We've come to New York for the week, to make sure our little ones remember their cultural home although it is no longer their physical home. Yesterday, the city welcomed us warmly: a gorgeous winter day, a rewarding meeting at church and then an entrancing afternoon at the ballet with good friends. There is something so fulfilling, so warming to the very bone, about seeing my children run around the Lincoln Center fountain -- my "back yard" growing up across the street -- and learning to love the very same places I loved as a child myself. With a small immediate family to offer them and down even their grandfather, I feel like familiarizing them with my childhood home is familiarizing them with the inanimate personalities and influences that made me who I am, much as they are learning about Elliot from his abundant and involved extended family.
But those warm feelings came yesterday.

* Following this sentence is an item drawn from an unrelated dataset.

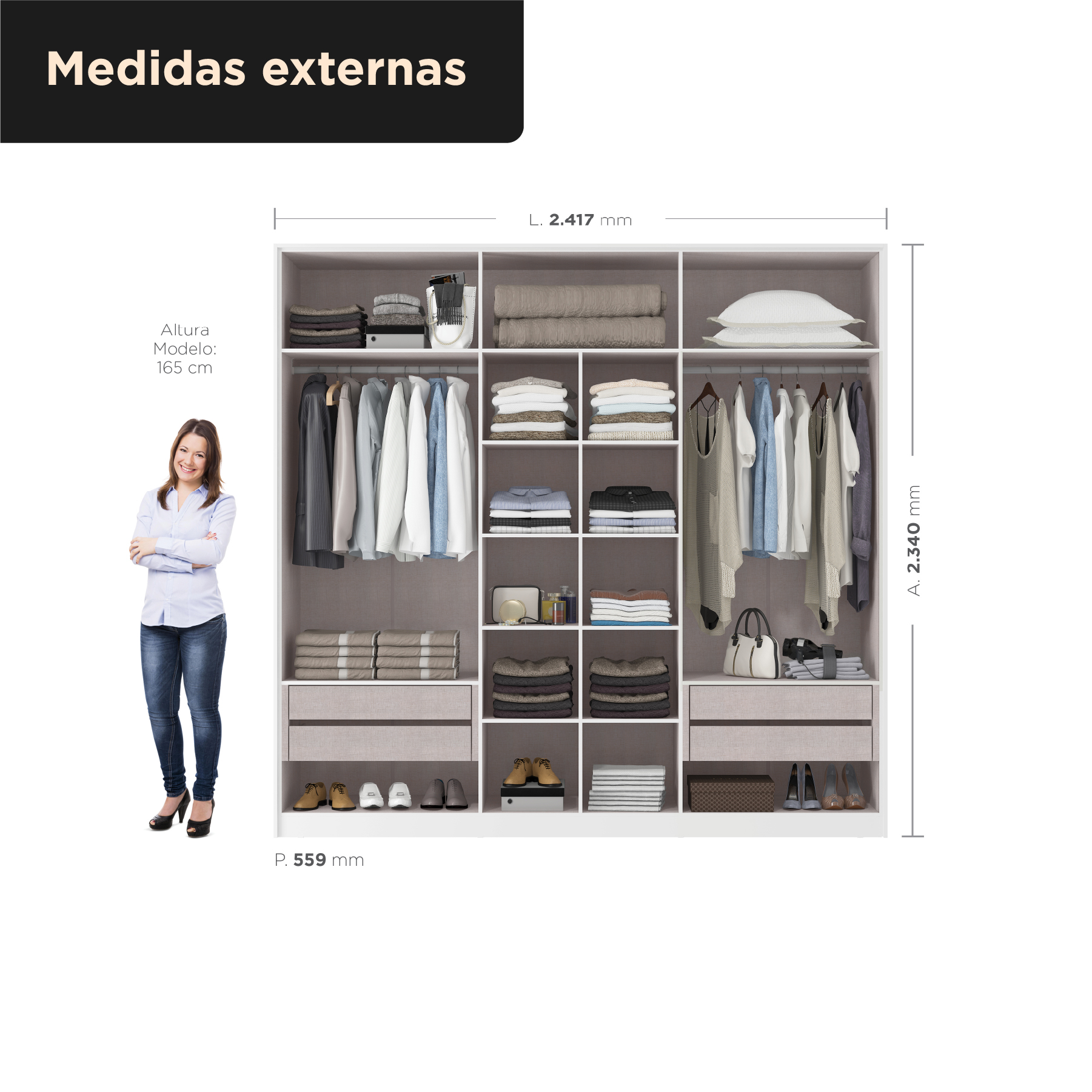 O guarda-roupa Barcelona é a escolha ideal para quem busca amplo espaço interno, organização e sofisticação. Com design moderno e dimensões maiores que o convencional, ele oferece excelente capacidade para armazenar roupas, calçados e acessórios de forma prática e funcional.

Today introduced my kids to the darker side of New York and, like a spurned loved, I wondered what exactly we're doing hanging around here. We had tickets to see the Tim Burton exhibit at the MoMA at 2:00pm. Never having been a tourist in my own city during the week after Christmas, I naively failed to realize that a million other people -- literally? -- would have the same idea. Pushing a stroller through midtown today was a miserable and deflating experience. My city, it seemed, was working so hard to flatter the mobs of tourists queuing down the streets for the Disney Store, the American Girl Store and Radio City Music Hall that it had absolutely nothing left for me. In this light, the city seemed more like a bad version of an adult's amusement park than a sublime bastion of beauty and intrigue.
We'll try again tomorrow, and I'll be sure to stay away from midtown. Hopefully New York will show us some love again.